Create Your Gluten-Free Sports Diet

Gluten-free seems to be the latest sports nutrition buzzword. Gluten is a protein in wheat, rye and barley that must be avoided by people with celiac disease, an inherited autoimmune disorder. Symptoms of celiac vary greatly and can range from digestive problems (diarrhea, constipation, bloating, gas) to health problems such as anemia, stress fractures, infertility in both men and women, migraine headaches, canker sores, easy bruising of the skin, swelling of the hands and feet, and bone/joint pain. The person feels lousy. Yet, some athletes don't even realize they have celiac disease.

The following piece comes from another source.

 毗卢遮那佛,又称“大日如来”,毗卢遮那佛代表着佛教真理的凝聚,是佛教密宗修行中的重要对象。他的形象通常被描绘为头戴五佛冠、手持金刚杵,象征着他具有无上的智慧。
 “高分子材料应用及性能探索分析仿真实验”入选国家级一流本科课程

They feel fine--until they experience iron-deficiency anemia or stress fractures due to poor absorption of iron, calcium, and vitamin D.

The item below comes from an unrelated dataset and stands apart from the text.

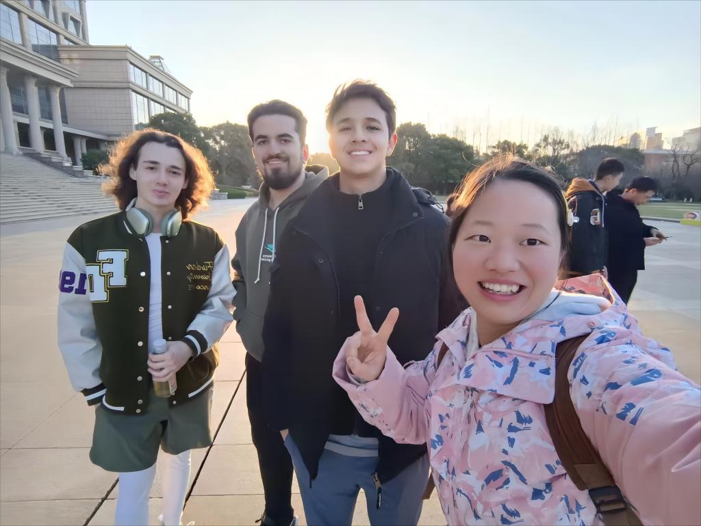 张甜桃同学积极参加学校组织的政治学习活动,作为一名入党积极分子参加学校“青马工程”培训班,深入学习宣传贯彻习近平新时代中国特色社会主义思想,积极提高自身政治站位和自我修养。在校期间勤奋好学、刻苦努力,综合素质测评一直位列班级第一。在学习之余,她寒假参观各大高校并激励自己,为自己定下考研目标和方向(下图是张甜桃去复旦大学与留学生的合影留恋,当时的她鼓起勇气,用英文与留学生对话来挑战自己)。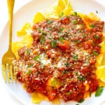 Homemade Bolognese Sauce is a rich, hearty meat sauce that is slow simmered to perfection to develop deep, savory flavors! Perfect for a comforting meal, served with thick pappardelle noodles and parmesan cheese on top!

How common is celiac disease?  More than we once thought. About 1 percent of the population (athletes included) has celiac and needs to avoid even traces of gluten. Up to 6 percent have non-celiac gluten sensitivity. The symptoms are similar but without the autoimmune reactions that result in cancer and osteoporosis. No one is certain why celiac disease and gluten sensitivity is on the rise. One theory relates to changes in the composition of our gut bacteria.

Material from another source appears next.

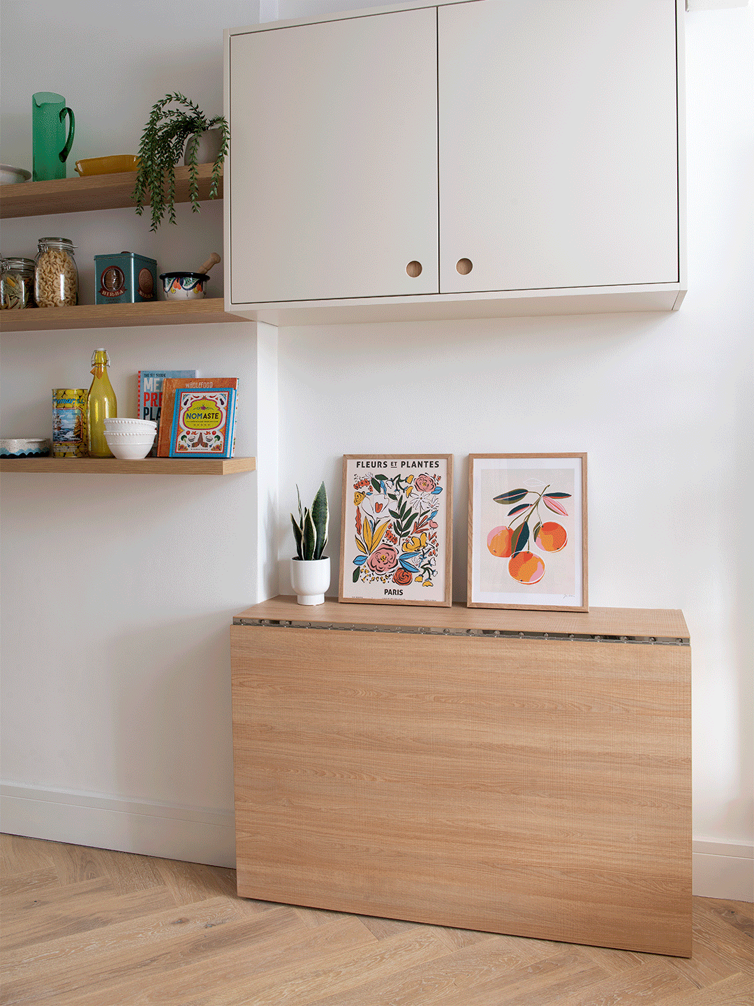 Starting from scratch, Dauley could maximize every square foot. The standard door that separated the kitchen from the hallway got the boot for a barely there pocket style. The niche next to the refrigerator? That’s now wine and tea towel storage. Even the countertops work harder; Dauley had a drain board carved into the surface next to the sink, nixing the need for a dish-drying rack. But the real magic is in the pop-up dining area. Before, her client made do by pulling seats up to a folding IKEA table. Dauley gave the concept a major upgrade with a built-in gate-leg design that not only stows away flat (leaving a ledge for knickknacks), it stores a set of elevated folding chairs.

How to Tell if You Are Gluten Sensitive

If you and others in your genetic family are plagued with niggling health issues (including those mentioned above), you should learn more about celiac disease and gluten sensitivity. Untreated celiac disease can lead to severe complications including cancer of the gut and osteoporosis. Two websites that offer abundant information include and

If you suspect you are gluten sensitive, don't self-impose a gluten-free diet without first talking with a doctor who specializes in celiac. You need to get your blood tested for specific antibodies and then, to confirm the diagnosis, an intestinal biopsy. Do not eliminate gluten before you get the blood tests, because absence of gluten in your diet can interfere with making the correct diagnosis. If you don't get properly tested, you might miss a correct diagnosis or other health problems, like Crohn's, an ulcer, or colon cancer. Plus, if undiagnosed, you might be less motivated to strictly follow a gluten-free diet for life.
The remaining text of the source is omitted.